It also contains one of Schubert's most powerful songs, "Der Doppelgänger". All that anguish is immediately followed by a bundle of sheer delight: "Die Taubenpost" which closes the collection. As Norse says, Schwanengesang is not a cycle like Winterreise or Die Schöne Müllerin, but I'm glad it exists as the collection that it is. The six Lieder with text by Heine are Schubert at his most emotional and sometimes desperate.

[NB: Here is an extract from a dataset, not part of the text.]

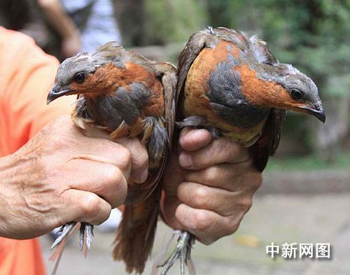 当日下午,记者见到了其中的2只竹鸡。它们虽然被放在布袋里,但野性十足,“噗”、“噗”、“噗”地跳个不停。用绳子拴着放在地上,不停地飞腾。捉在手上,它就用力挣扎着,尖尖的趾还把手指扎出了血。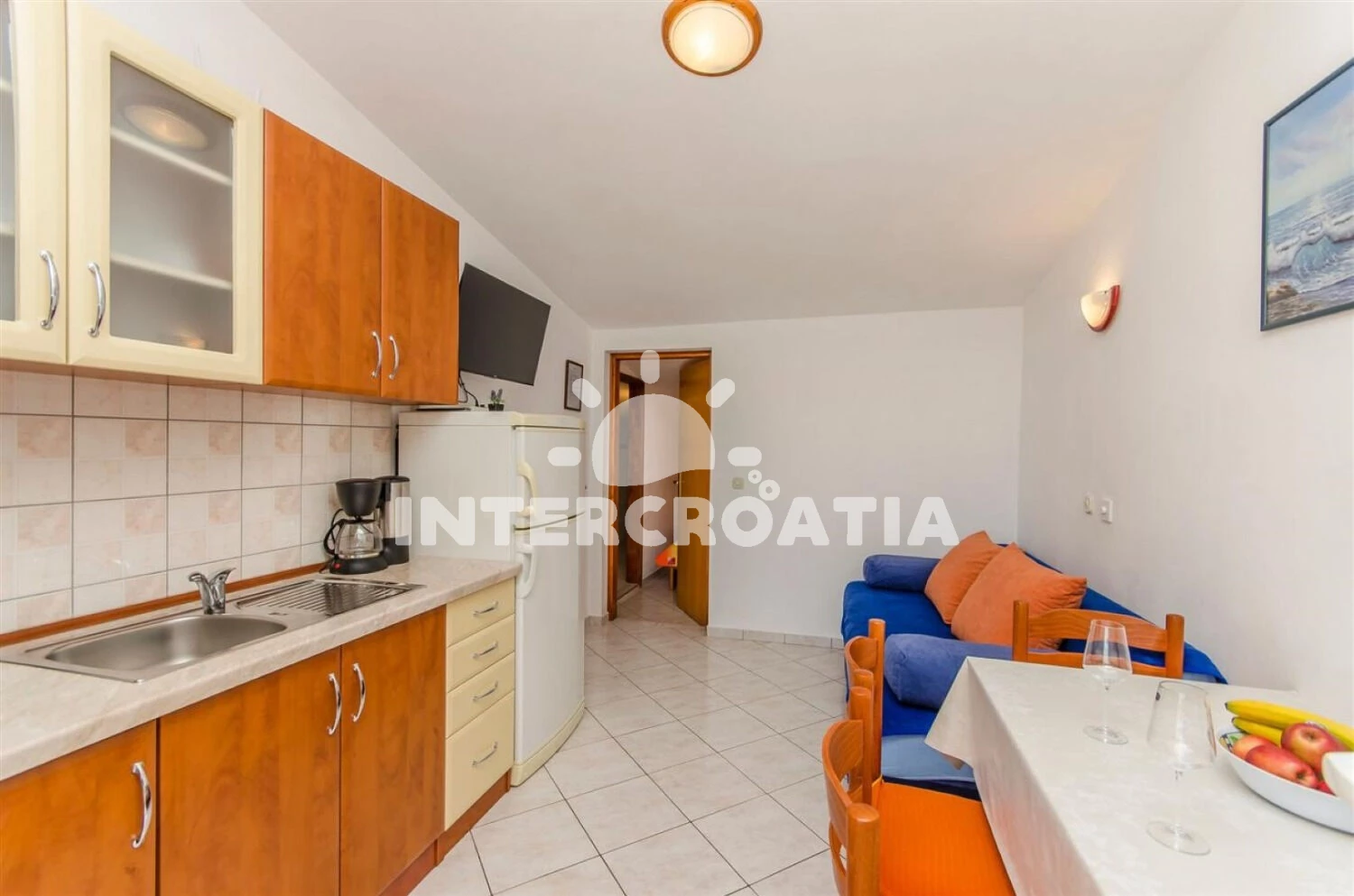 Apartmán (32 m2) s terasou, a výhledem na moře. Nachází se v 1. patře objektu. Apartmán má 1 ložnici a je vhodný pro až 2 osoby. Kuchyňská linka je vybavena varnou deskou, troubou, rychlovarnou…

I've recently started listening to the aforementioned Lieder by Mahler and Wolf. Try the Mörike Lieder by Wolf, they're great late-Romantic stuff. As for Mahler, I tend to prefer the versions for voice and piano over the orchestrated versions. But this is strictly personal taste, I generally like the intimacy of chamber music over the grandness of the symphonic orchestra.


----------



## xuantu

Many great recordings of Schubert's Winterreise has been mentioned in this thread already. Here I would like to add a few lines of recommendation for Peter Pears/Benjamin Britten's tenor version on Decca. Many people dislike Pears' voice, but he knows exactly how to project emotions and characterize each song. He is a singer with a free and creative spirit and his version constantly finds in Britten an accompanist of unusually refined taste. Together they made Winterreise a highly reflective journey, less desolate than most but incredibly moving.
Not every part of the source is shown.